Эссе. «Рисовать – это чудо». Фрагменты книги «Магия красок». Вступление Н. Васильевой
Опубликовано в журнале Иностранная литература, номер 10, 2004
ГЕССЕ-ХУДОЖНИК[1]
В восемьдесят лет, уже достигнув мирового признания, удостоенный в 1946 году Нобелевской премии по литературе, Герман Гессе писал одному из своих ливерпульских читателей: «Для меня два самых прекрасных занятия, которыми может заниматься человек, — это музицирование и рисование, и в том, и в другом я был дилетантом, но и то и другое мне очень помогло в сложном деле — выстоять в жизни». Музицированию Гессе посвятил детские и юношеские годы: с одиннадцати лет брал уроки игры на скрипке, потом восемь лет играл в оркестре духовной семинарии, где тогда учился, но позднее к скрипке почти не прикасался. К живописи Гессе пришел значительно позже, три десятка лет спустя, почти в сорокалетнем возрасте, и уже до конца своих дней не расставался с красками и кистью.

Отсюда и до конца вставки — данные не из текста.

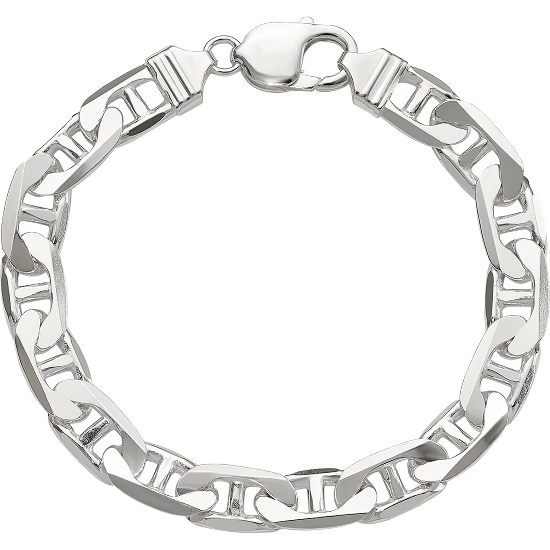 A charming and stylish bracelet. Give your outfit a touch of regal elegance with this solid flat anchor chain bracelet. Designed from sterling silver, this chain style bracelet has a polished finish for a durable shine. The 8-inch long and 9.5mm wide bracelet comes with a lobster clasp security. Makes a great gift or a charming treat for yourself. Style: QAN250-8.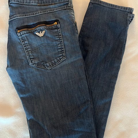 Selger en «Acne» studios genser. Blå med brune detaljer.

Первые его систематические опыты в рисовании относятся к 1916-1917 годам — это было, казалось, самое неподходящее время, разгар Первой мировой войны, которая застала Гессе на территории нейтральной Швейцарии, в Берне, где он с 1912 года жил с семьей. Во взглядах Гессе тогда происходит стремительная болезненная эволюция: из добровольца, рвущегося на фронт, которого все-таки не взяли в армию из-за плохого зрения, он превращается в непримиримого противника войны. Почти полностью подавив в себе поэта, Гессе активно вмешивается в происходящее, сначала как журналист, недвусмысленно высказывая свое мнение о «мерзком переплетении политики, шпионажа, игр, подкупа и ухищрений спекуляции», потом на общественном поприще: основывает Центр помощи немецким военнопленным, издает благотворительные журналы. В результате активной журналистской деятельности Гессе оказался под перекрестным огнем политической полемики и был нещадно заклеймен официальной прессой как клеветник и предатель отечества.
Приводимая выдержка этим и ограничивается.